I am having trouble with some UM jobs on ARCHER which keep crashing after 1 day of model time. There seems to be something wrong with the moisture conservation, giving strange values on the 72nd time step (with a time step of 20 minutes) which then cause the model to blow up on the 73rd time step, e.g.:
Atm_Step: Timestep 73 Model time: 2008-12-28 12:20:00
Qcf < 0 fixed by PC2 940
Qcl < 0 fixed by PC2 861

==============================================
initial Absolute Norm : 10139975.439437283
GCR( 2 ) failed to converge in 100 iterations.
Final Absolute Norm : 209889.38249995536
==============================================

Q_POS: unable to conserve in 24529 columns
Q_POS: unable to conserve in 26069 columns
Q_POS: unable to conserve in 22529 columns

I have run several different jobs from experiment xlsu (vn8.2, N96, aquaplanet runs) and all have failed except xlsua, xlsub and xlsuc, which all ran successfully for 3.5 years when I gave them the start dump /work/n02/n02/peatman/um/dumps/xiurl.astart.

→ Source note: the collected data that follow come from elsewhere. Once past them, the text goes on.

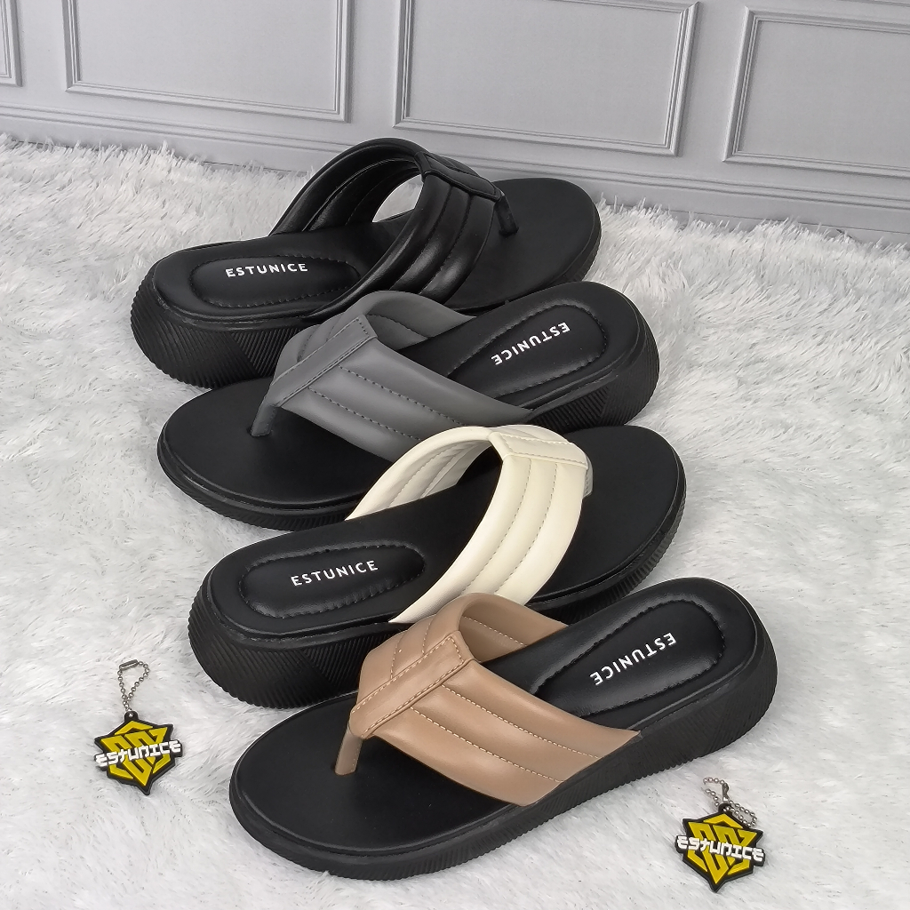Estunice Sandal Jepit Wanita Sendal Slop Wedges Kekinian - Jannie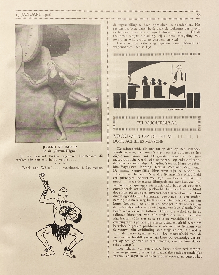 25. KOSTER, Simon, e.a. (red.) Spel en Dans. Maandblad voor tooneel, opera, dans en film. Amsterdam, Wereldbibliotheek, 1924-1926. 1e en 2e jaargang, 20 nummers (september 1924-september 1926). 31 x 24 cm. Gebonden in halflinnen met vuurrood gemarmerde platten. Zonder de omslagen. 228, (44); 190 p. Met veel foto’s en andere illustraties (een tweetal in kleuren). Vignetten van Jan Lavies. Achterin de eerste jaargang een overzicht van de dansleraren in Nederland, en er is een aantal geïllustreerde advertentiepagina’s en een paar van een programma voorziene reclamefolders meegebonden. 1e druk. Nette conditie.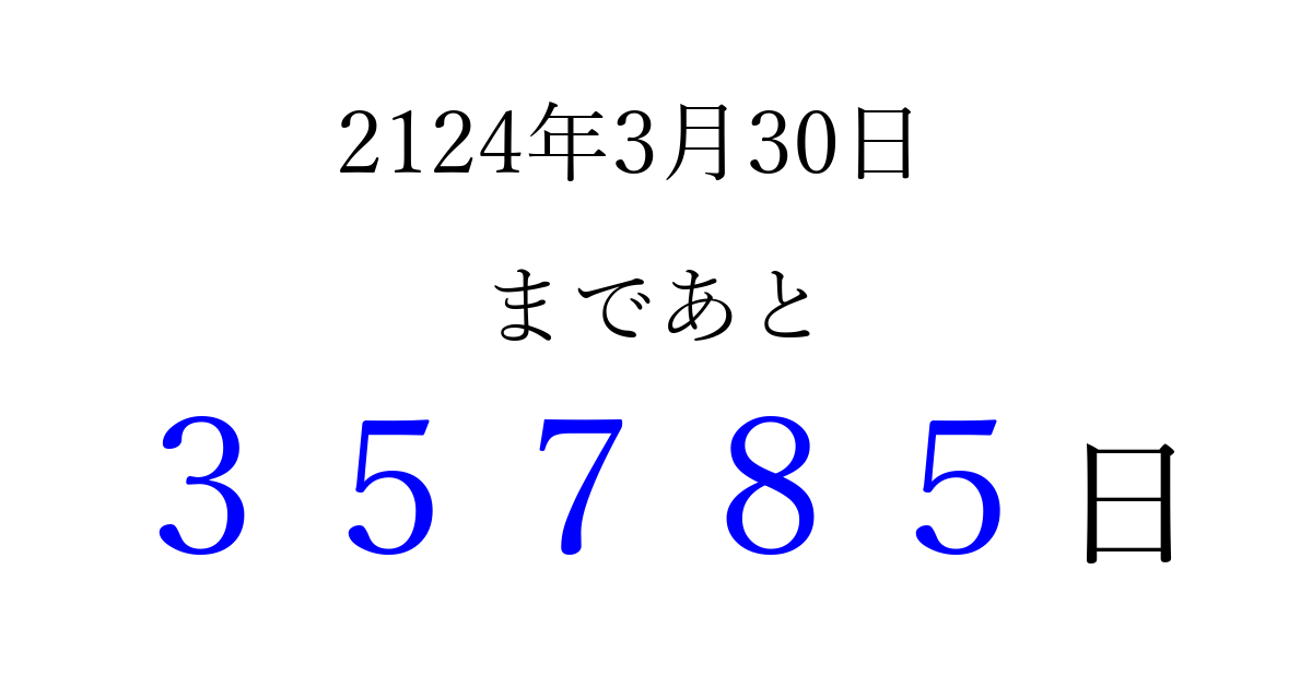 2124年3月30日(木)まで あと 99999 日です 追加すると、トップページからすぐ選べるようになります ※2026/04/08現在の結果です。 最新の状態に更新する ↓シェアして、タイムライン上にカウントダウンを表示しよう!↓ 📤 この結果を共有する Tweet シェア Threads Bluesky 別の日付でカウントダウン 2124年3月のカレンダー このページをブックマークに追加すると、いつでもカウントダウンを確認できます。 (PC: Ctrl+D / Mac: ⌘+D) hitome-notes.comでは以下のページも運営しています。 指定日と期間から日付を計算 | ガチャ確率計算・シミュレーション | プライバシー・ポリシー 運営者:Avocado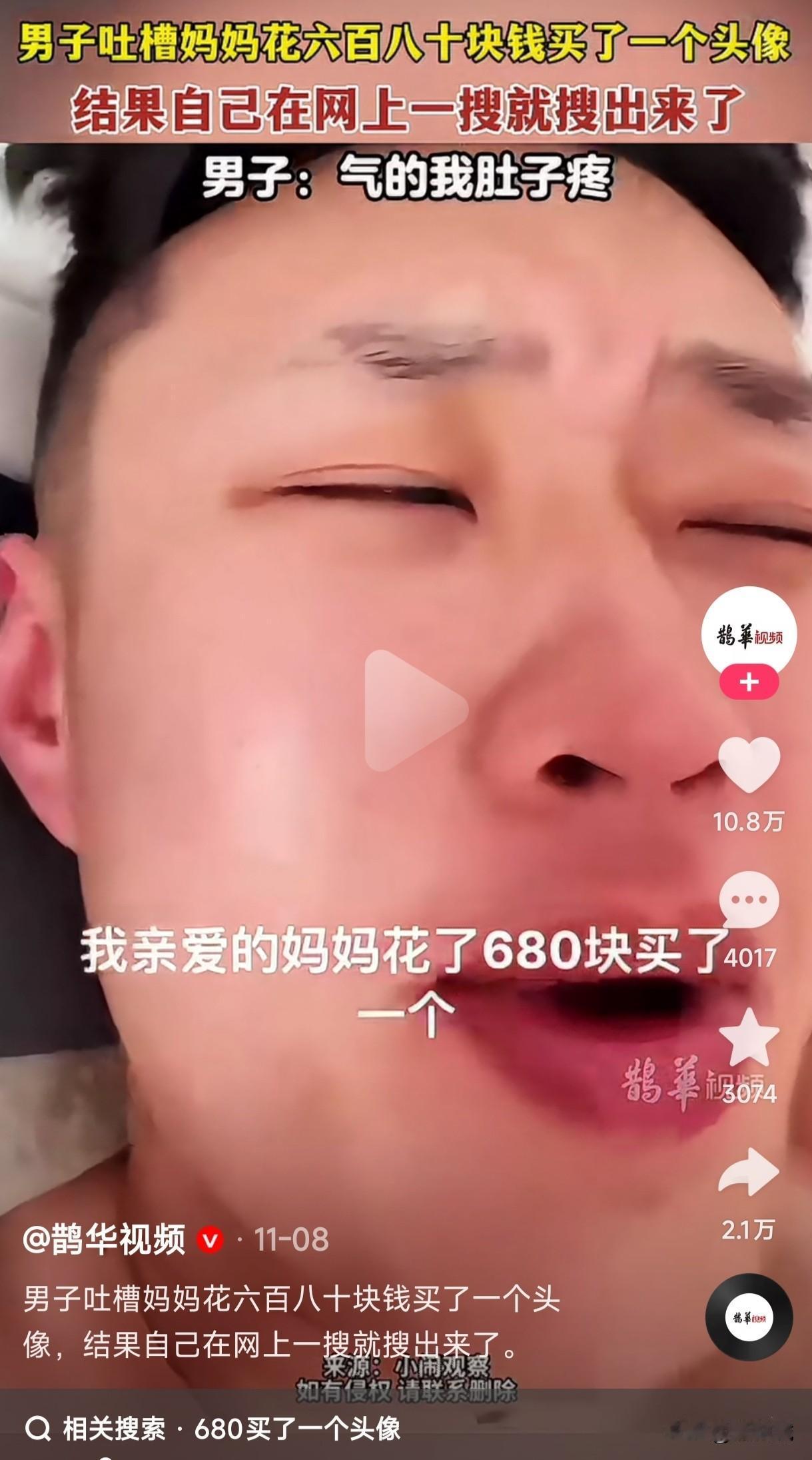 果然还是有钱啥都就有了。 男子吐槽妈妈花680块买了一个头像,结果在网上随便一搜就有的,没想到妈妈花钱去买? 这男子他妈到底是咋想的,究竟是什么样的一个头像居然舍得花680块钱去买,难道是几千年前出土的文物图片吗?还是她小时候见过念念不忘的某个物件? 不得不说买的人是个傻子,这卖的人也就是个骗子,一个愿打一个愿挨,这也就怪不得那方了,最心疼的莫过于这男子了,他可能无论如何都想不通老娘居然花680块买一个图片当头像,这不是妥妥滴冤大头吗?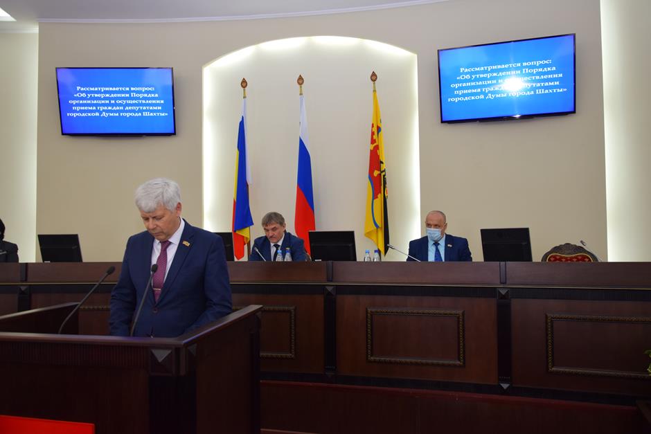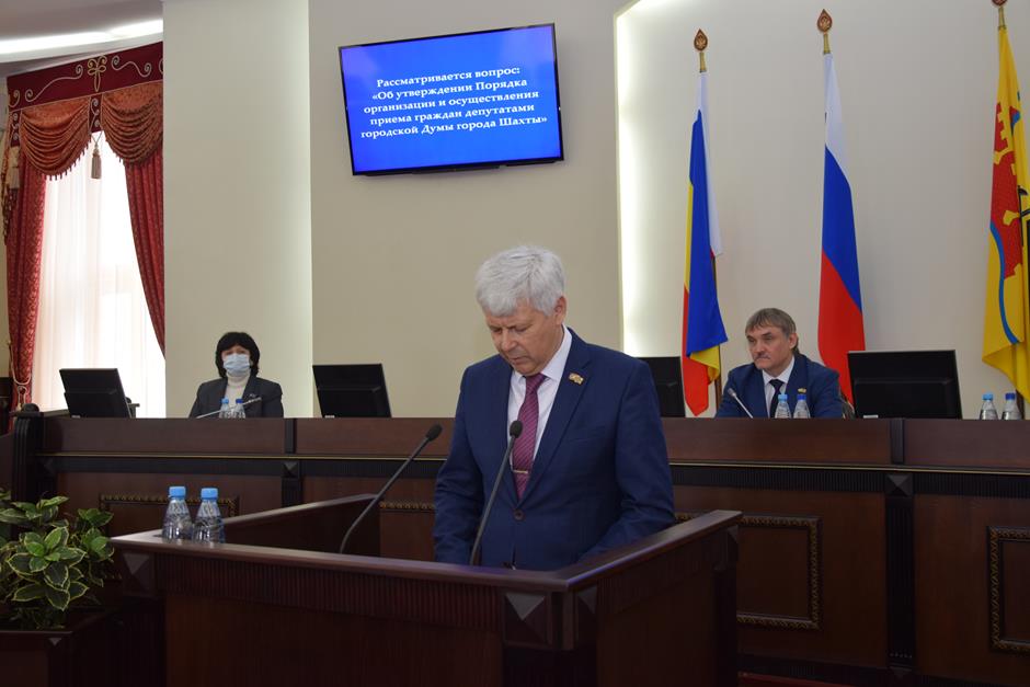 По 10-ому вопросу повестки «Об утверждении «Порядка организации и осуществления приема граждан депутатами городской Думы города Шахты» доложил председатель комитета по регламентным вопросам и депутатской этике Виктор Яровой. Порядок закрепляет обязанность депутата проводить личный прием граждан не реже 1 раза в месяц с продолжительностью не менее 1 часа, регламентирует способ доведения до сведений граждан графика приема депутата, а также внесение изменений в сформированный сводный график приема граждан. Также в представленном документе закреплены порядок действий депутата при поступлении устных и письменных обращений и обязанность депутатов ежемесячно направлять отчет о проведении приемов граждан в адрес городской Думы города Шахты.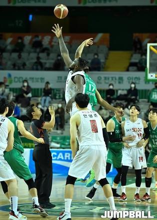 [점프볼=원주/유용우 기자] 13일 원주 종합체육관에서 열린 2020-2021 현대모비스 프로농구 원주 DB와 서울 SK의 경기, DB 얀테 메이튼이 슛을 던지고 있다.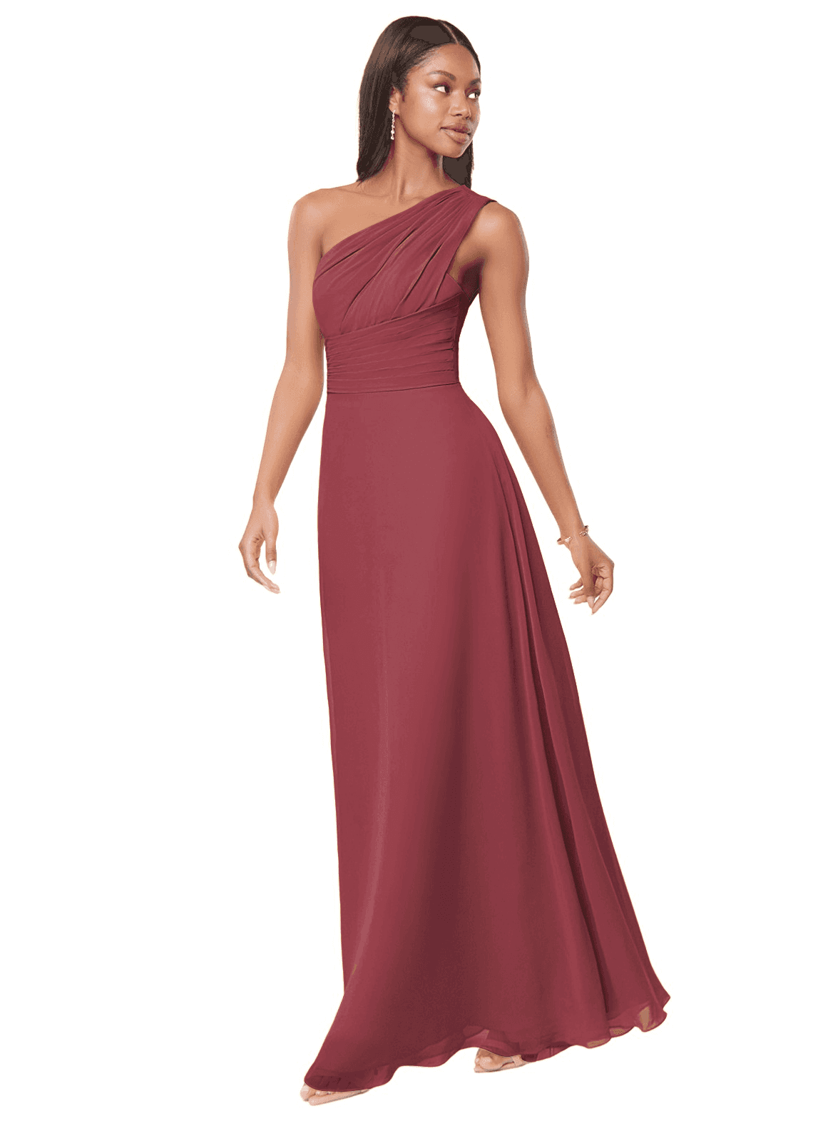 Vestido de Merlot de Gasa de Corte en A con Volante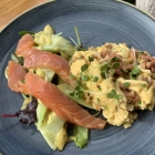 mit hausgebeiztem Lachs, Matjesfilet, Lachstatar und Grönlandcrevetten. Sehr guter Matjes, das war der erste Eindruck. Je weiter man sich von der niederländischen Grenze entfernt, desto mehr wird es Glücksache, ob der Matjes ein guter ist (nur in Glückstadt gibt es laut meinen niederländischen Kollegen noch annehmbaren deutschen Matjes). Zurückhaltend war eine Sahnesauce dazu gegeben, Hausfrauen Art (darf man das noch schreiben als politisch korrekter Mensch?) mit Gurke und Apfel. Die Crevetten waren sehr kalt, fast zu kalt, und mit einer Cocktailsauce versehen, das war zusammen genommen der schwächste Teil des Tellers. Relativ fade und langweilig war das. Sehr gut dann wieder die beiden Lachsgerichte. Ein kräftig mit Dill versehenes Tartar machte dem Gaumen Spaß. Noch besser aber der gebeizte Lachs mit ein bisschen honig-süßer Senf Sauce. Lecker! Ein kräftiges Sauerteigbrot mit Butter wurde dazu gereicht und ich war zufrieden.

Strangely, xlsua failed on the 73rd time step when I used the start dump /work/n02/n02/peatman/um/dumps/xiurea.da20070112_12 but changing to the xiurl.astart dump seemed to fix the problem. However, xlsud, xlsue, xlsug and xlsuh all failed in the same way when I used xiurl.astart, so the choice of start dump turned out not to be the problem after all. Even more strangely, today I reran xlsua (changing to a 2-day run and switching off all STASH output and dumping, just to speed things up) and it failed! So the problem seems to be intermittent…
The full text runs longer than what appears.